The “Gold” standard internationally on global warming, now referred to as global climate change, as we are experiencing an unusually deep, cold, and wet winter, is the periodic IPCC Assessment Report. The fourth edition was issued in 2007.
It asserts for example that the Himalayan glaciers will melt in 30 years and that “up to 40% of the Amazon rain forests could react drastically to even a slight reduction in precipitation” The rain forests would most likely be replaced by ecosystems such as tropical savannas. These were alarming, headline grabbing "scientific" statements.
The IPCC claim is that the report was based on sound science and peer review.
We now know through the leaked East Anglia emails that some of the science is questionable.
We also learn that the estimate for the decline of the Himalayan glaciers is off by at least 300 years, and is not based at all on scientific studies.
The report cited a 2005 study by the World Wildlife Fund, which cited a 1999 article in the New Scientist magazine, which in turn quoted an Indian glacier expert in saying the glaciers could disappear in 40 years.
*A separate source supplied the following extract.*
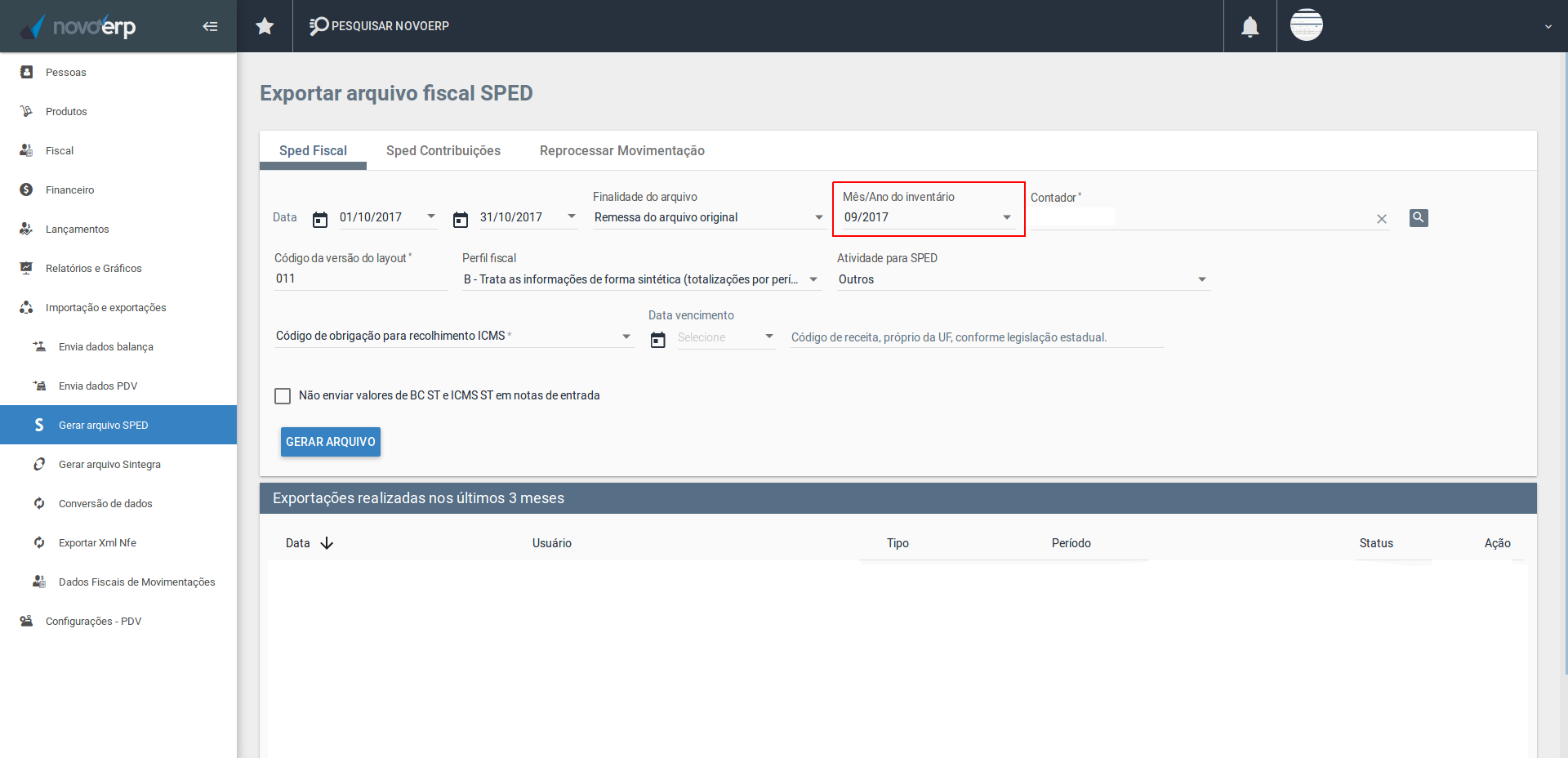 Como Gerar o Sped Fiscal com Inventário no Novo ERP

He denies ever making that statement. So much for peer review of the science.
The rain forest claim is just as tenuous. It was also based on a WWF report. The 40% figure came from a letter published in Nature Magazine. The letter discussed harmful logging activities. Once again the gold standard was based upon some dramatically short of any peer review.
And now we learn that Dr. Rajendra Pachauri, Chair of the IPCC, knew of the Himalayan inaccuracies before Copenhagen, but said nothing. He had previously rejected as “voodoo science” a report by the Indian Government which questioned the validity of the IPCC statements about the glaciers.
The SEC is ironically basing its regulation on false and misleading material omission and misstatements.